During this three-month challenge, they had to develop real-world skills like learning the Python programming language and debugging their code. The project involved new material that was unfamiliar to them. “When starting this challenge, we knew very little about the movement of the ISS and almost nothing about the Astro Pi computer,” says Arda.”We began by doing extensive research and brainstorming how the ISS moves and how we could calculate this movement using the different sensors on the Astro Pi computer. After discovering a solution, we had to learn how to code, which was something we all had little experience with." Team Trojans was one of the 236 (out of 306) teams that successfully created working code, earning them the opportunity to run their program on the ISS for 10 minutes. This competition was also open to students up to 19 years old. Their program ran while the ISS was off the coast of Chile and then across a section of the Atlantic Ocean. “They had to overcome several obstacles, so they can be very proud of their efforts and accomplishment,” says Serene, Middle School Enrichment Teacher.
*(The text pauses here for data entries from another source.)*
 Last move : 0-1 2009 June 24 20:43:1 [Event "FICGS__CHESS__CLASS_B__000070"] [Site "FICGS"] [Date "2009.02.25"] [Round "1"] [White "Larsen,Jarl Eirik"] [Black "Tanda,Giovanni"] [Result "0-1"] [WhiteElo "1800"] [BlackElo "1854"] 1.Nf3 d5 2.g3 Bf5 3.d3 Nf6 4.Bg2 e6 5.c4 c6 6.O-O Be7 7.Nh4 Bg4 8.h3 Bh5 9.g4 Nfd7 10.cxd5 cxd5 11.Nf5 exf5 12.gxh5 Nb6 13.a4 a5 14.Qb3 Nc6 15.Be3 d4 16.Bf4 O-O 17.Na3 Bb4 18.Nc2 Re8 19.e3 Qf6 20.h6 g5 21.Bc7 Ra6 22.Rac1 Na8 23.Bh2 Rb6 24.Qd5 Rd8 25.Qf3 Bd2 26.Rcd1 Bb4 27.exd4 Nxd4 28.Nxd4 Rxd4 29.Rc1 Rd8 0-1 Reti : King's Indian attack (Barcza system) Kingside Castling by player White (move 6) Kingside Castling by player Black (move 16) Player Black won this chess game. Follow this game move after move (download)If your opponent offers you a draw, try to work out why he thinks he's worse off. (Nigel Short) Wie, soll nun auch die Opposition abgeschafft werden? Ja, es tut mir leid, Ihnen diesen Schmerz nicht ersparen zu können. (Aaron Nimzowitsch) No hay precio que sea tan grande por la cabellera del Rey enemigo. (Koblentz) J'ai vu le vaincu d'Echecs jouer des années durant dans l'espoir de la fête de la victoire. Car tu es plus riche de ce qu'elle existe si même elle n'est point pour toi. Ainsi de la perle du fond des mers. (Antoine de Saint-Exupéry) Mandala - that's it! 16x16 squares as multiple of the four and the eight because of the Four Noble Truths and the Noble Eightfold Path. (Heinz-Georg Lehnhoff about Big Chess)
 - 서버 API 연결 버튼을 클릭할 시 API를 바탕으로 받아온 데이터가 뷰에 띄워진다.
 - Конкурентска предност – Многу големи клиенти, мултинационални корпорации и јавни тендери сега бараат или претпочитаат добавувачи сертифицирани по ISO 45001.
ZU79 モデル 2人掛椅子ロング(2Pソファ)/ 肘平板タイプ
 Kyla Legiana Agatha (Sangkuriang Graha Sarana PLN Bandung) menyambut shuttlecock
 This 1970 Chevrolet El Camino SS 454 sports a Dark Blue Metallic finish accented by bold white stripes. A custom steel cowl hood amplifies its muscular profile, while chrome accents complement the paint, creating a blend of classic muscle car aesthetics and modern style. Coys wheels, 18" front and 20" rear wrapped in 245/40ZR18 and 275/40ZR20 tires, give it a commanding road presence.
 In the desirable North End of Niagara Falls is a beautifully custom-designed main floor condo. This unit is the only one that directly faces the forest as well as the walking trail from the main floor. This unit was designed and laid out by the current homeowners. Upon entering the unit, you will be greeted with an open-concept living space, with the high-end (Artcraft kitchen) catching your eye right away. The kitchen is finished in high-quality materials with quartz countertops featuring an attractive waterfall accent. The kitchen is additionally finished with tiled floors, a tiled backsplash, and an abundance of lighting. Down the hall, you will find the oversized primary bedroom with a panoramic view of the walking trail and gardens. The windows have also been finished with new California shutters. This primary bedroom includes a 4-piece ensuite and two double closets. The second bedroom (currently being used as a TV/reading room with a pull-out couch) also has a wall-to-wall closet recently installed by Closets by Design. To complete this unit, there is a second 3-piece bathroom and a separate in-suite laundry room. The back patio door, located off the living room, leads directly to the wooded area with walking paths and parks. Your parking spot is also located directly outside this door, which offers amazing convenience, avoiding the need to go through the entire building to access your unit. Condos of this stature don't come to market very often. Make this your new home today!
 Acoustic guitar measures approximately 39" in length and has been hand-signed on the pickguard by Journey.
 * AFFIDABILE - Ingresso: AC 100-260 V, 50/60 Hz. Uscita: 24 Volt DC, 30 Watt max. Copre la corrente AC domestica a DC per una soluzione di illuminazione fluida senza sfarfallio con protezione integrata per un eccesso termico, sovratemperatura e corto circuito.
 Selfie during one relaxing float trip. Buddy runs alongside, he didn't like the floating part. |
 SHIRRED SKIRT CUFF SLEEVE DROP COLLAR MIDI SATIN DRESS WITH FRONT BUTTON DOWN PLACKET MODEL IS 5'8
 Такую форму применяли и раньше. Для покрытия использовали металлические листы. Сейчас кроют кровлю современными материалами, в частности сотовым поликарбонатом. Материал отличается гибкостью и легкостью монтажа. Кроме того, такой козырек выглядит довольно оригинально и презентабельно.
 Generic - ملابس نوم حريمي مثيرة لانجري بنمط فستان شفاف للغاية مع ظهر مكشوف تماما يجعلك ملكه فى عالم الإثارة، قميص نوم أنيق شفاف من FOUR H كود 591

American School of The Hague (ASH) boasts a robust Science, Technology, Engineering, and Math (STEM) curriculum that is fully integrated across the curriculum, exposing students to real-world learning from Pre-Kindergarten through High School. Just as these three intrepid students quite literally took their learning into space, learning at ASH is all about applying lessons beyond the classroom, whether that’s partnering with IKEA to design prototypes to improve warehouse efficiency or upgrade the infrastructure of a school in Thailand with clean energy sources like solar panels as part of a Sustainable Development Goals (SDG) trip to Thailand.